O Outono não é, nestes campos do Sul,  o estertor a caminho do Inverno. A morte instalou-se com o esplendor do restolho, no final do Verão. O Outono é quando a erva desponta desse restolho entumecido da humidade das noites longas de Novembro. Aqui na quinta, a aproximação do Inverno é tempo da vida. Tudo renasce para tudo morrer. A Primavera, bem a Primavera é a redundância da vida. É, diríamos, a adolescência do ciclo

anual. O Verão é o fim. E cada fim é apenas o começo do princípio (msier De La palisse não diria melhor).

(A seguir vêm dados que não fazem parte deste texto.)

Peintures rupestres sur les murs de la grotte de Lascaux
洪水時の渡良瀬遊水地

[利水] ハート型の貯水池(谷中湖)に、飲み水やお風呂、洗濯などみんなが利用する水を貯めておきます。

Como vos dizia o aproximar do Inverno traz trabalho acrescido à quinta. Trazer lenha para junto do monte para a cortar à machadada ou com a moto-serra e recriar a horta são os meus trabalhos favoritos. Hoje carreguei a minha pick-up de lenha de alfarrobeira e oliveira (lenha seca e pernadas caídas que resultam da auto-poda das alfarrobeiras - chega a cair mais de metade da copa e com um barulho assustador) e despejei-a junto ao armazém. Armei-me de machado e cortei lenha para uma semana de lareira.Ah, já me esquecia, hoje é o dia da primeira noite, da primeira noite de fogo dentro de casa. Esta noite a Betty não sairá de casa. Enroscada na sua cama junto à lareira, sonhará com ratos toda a noite. Já agora, o outro doméstico da casa, este o verdadeiramente doméstico que a atrás citada nada de doméstica tem, D. Matrix ladrava, ladrava no quintal enquanto eu machadava a madeira cansada. Nestas ocasiões não pode andar por perto ou ainda o racho. Aliás, nem eu devia andar por perto... e ainda por cima tem estado em prisão domiciliária durante o dia por comer galinhas à vizinhança.

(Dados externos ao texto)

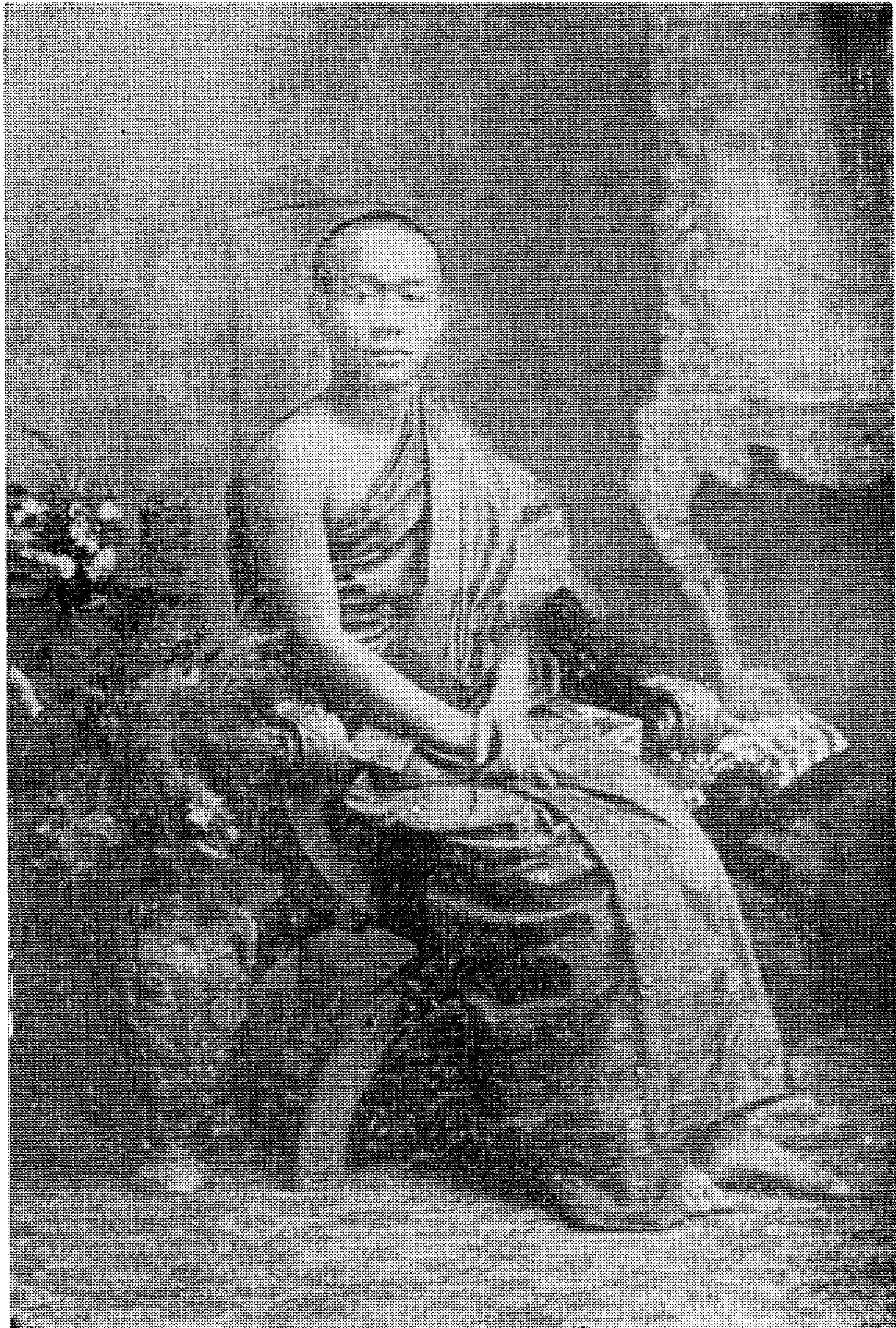
ပရမတ္ထသံခိပ်ဋီကာ အပါအဝင် လောကီ,လောကုတ္တရာ ကျမ်းပေါင်းများစွာတို့ကို ပြုစုခဲ့သော လယ်တီပဏ္ဍိတ အရှင်မြတ်ပုံ
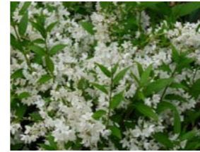
Deutzia gracilis 'Nikko' bruidsbloem
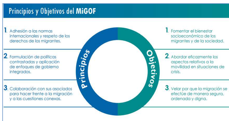
Figura 1. Marco de Gobernanza sobre la Inmigración

Mas o que me deu mais gozo foi o recriar da horta. Já tinha lavrado a terra prometida com o trator. Hoje foi só misturar na terra o composto do diligente compostor, lançar a semente à terra e, com um ancinho centenário, misturar e enterrar. Depois da rega abundante dos quatro canteiros com, por ordem alfabética, alfaces, coentros, rabanetes e salsa, armei um banco corrido com uma travessa (solipa) da linha do comboio junto à horta e, enquanto via o sol mergulha ao fundo da quinta, fumei um cigarrito sentado na bancada lateral. Sim, que uma horta, ao contrário do que os parolos da cidade pensam(pronto, não se zanguem, os parolos de todo o lado) é um espetáculo permanente e em constante mutação.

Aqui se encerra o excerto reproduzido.